37 五回目なるか
短いです。
よし、これで準備は整った、と。
こちらに来る時に身につけていた警吏隊の制服に着替えて、あれこれ詰め込んだ鞄を手に自分の部屋から出る。
鞄に入っているのは、あちらの世界でも使えそうな服とか、調味料とかお菓子とか。別に観光気分じゃないんだけど、思いついたのはそれくらいだった。
机の上には、いつもの手紙。
書き出しは決まっている。
―――これはさようならを伝えるためじゃないよ。
じいちゃんとばあちゃんに行ってきます!と大きく手を振って家を出た。
病院でシゼル隊長と合流して、そこから例の裏の小道へと向かう。
隊長の傷は抜糸もまだで、本来、出歩いたりしてはいけない重傷人なので、移動にはタクシーを使った。
前回の第一回目の時もタクシーを使ったんだけど、初めて車に乗ったシゼル隊長の反応は面白かった。
ものすごく驚いていたなぁ。カズミが乗馬を苦手とする理由がわかった、と、真顔で言われて噴き出しそうになった。
武井先生にもちゃんと挨拶をした。
…また失敗して戻ってくる可能性もあるけれど、けじめとして。
厄介事から離れられてちょっとほっとした顔をしていた。先生、頑張れ!と無性に応援したくなる人だ。
「シゼル隊長、身体が辛かったら遠慮なくつかまってくださいね」
タクシーから降りて、あまりきれいとは言えない細い小道へ入っていく。
場所が選べないのが残念だ。
もしかしたら転移の起点は何処でも成功するのかもしれないけど。
やはり世界が異なるせいか、こちらで発動する魔学は思う通りにならず、威力は極端に目減りしていた。できるだけ成功率が高くなる条件を整えておかないと、目も当てられない事態に陥りそうだ。
…う、緊張してきた。
これで駄目だったら…。
いやいや! そんな嫌な事は考えない! 強気で行こう! 強気で!
「じゃあ、始めますね」
「わかった。頼む」
シゼル隊長はほんの一週間ほどでこちらがぎょっとするほど言葉を理解できるようになった。
携帯テレビで学習したって言ってたけど、じいちゃんと釣りの話で普通に盛り上がっていた時には、思わず目を疑ったよ。
「ええと、転移するために私の周りの空間を繋げますので、できるだけ近くに来てください」
「わかった。これでいいか?」
「そうですね…なるべくくっついた方がこちらの負担が少ないので、うーん、どうしようかな」
手でも繋ごうかと考えていると、するりと腰に腕が廻された。
…お?
横にいたシゼル隊長に自然と引き寄せられて、寄り添うようなかたちになる。
「これならいいか」
「え、あ、はい!」
斜め背後に立っている隊長の肩に頭が当たっている。…とてつもなく近い。
うっかり離れ離れにならないように、しっかりとつかまってもらうのは望む所なんだけど、この体勢は…。
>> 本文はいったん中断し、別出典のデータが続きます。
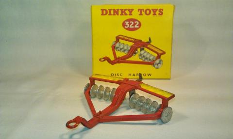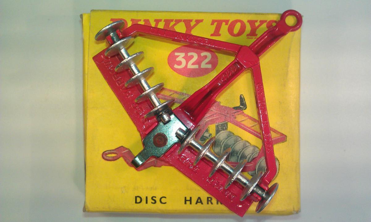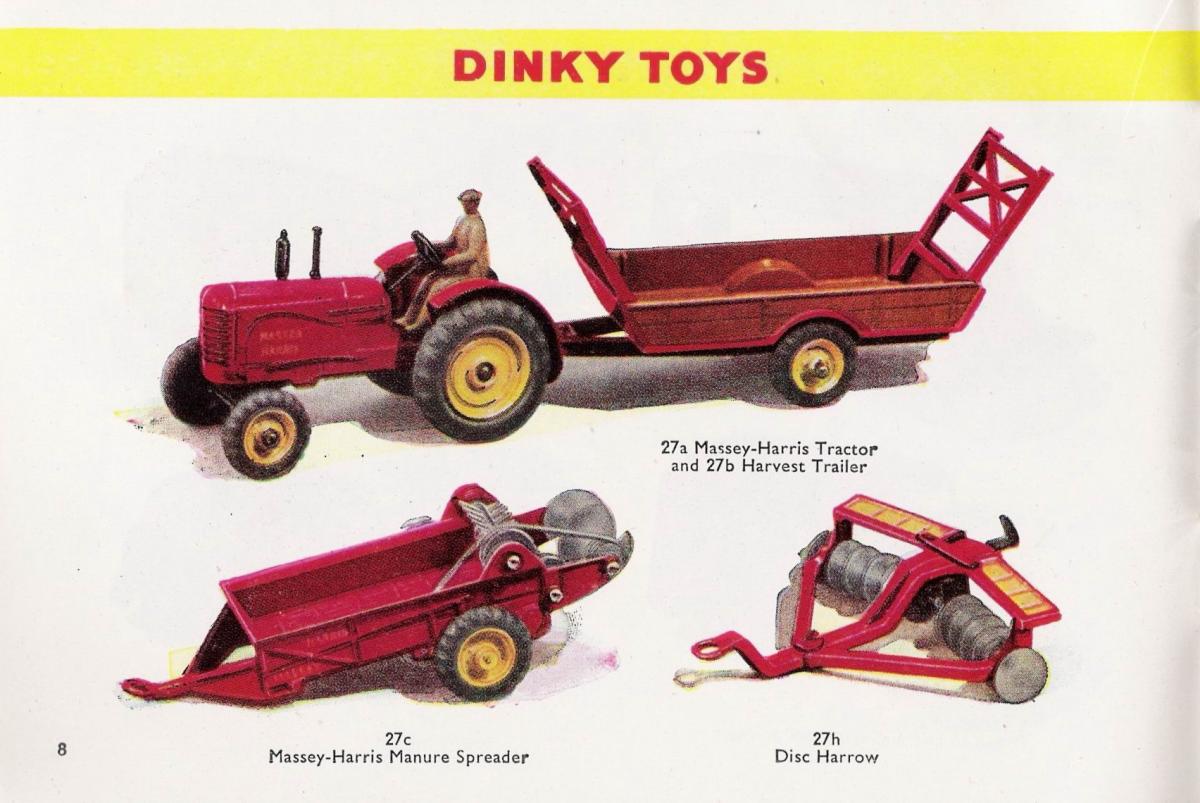 This small Dinky Toys model should not be forgotten. This model is part of the Series 27 Farm Equipment, which consisted of approximately 12 Farm related models produced from 1948 to 1973. Based on the images in the brochure below, it could be a version of a Massey Harris Disc Harrow.

そういえば、ゼイアスの人たちってどっちかといえば西洋系の生活スタイルだったような。つまりシゼル隊長だって照れもなく、こういう事を平然とやってしまえるわけで…。
…何だろう、この追い詰められた気分は。
自分から言い出したくせに、やってしまった感が否めない…!
あああああ。
いやいやいや、深く考えるのは止めて、さっさとやろう!
「始めます!」
風の神に捧げる誓印をいつもより丁寧に描く。
「其は風の導―――此れをもって約と為す―――是と承すれば開門せよ!」
高らかに詠じれば、その瞬間、真正面から襲い掛かるかのように強い風が吹き付けてきた。
目を開けていられない。シゼル隊長の腕に力がこもるのがわかる。
―――来る!
そう感じた瞬間、身体から体重が失われたような奇妙な浮遊感に引きずり込まれた。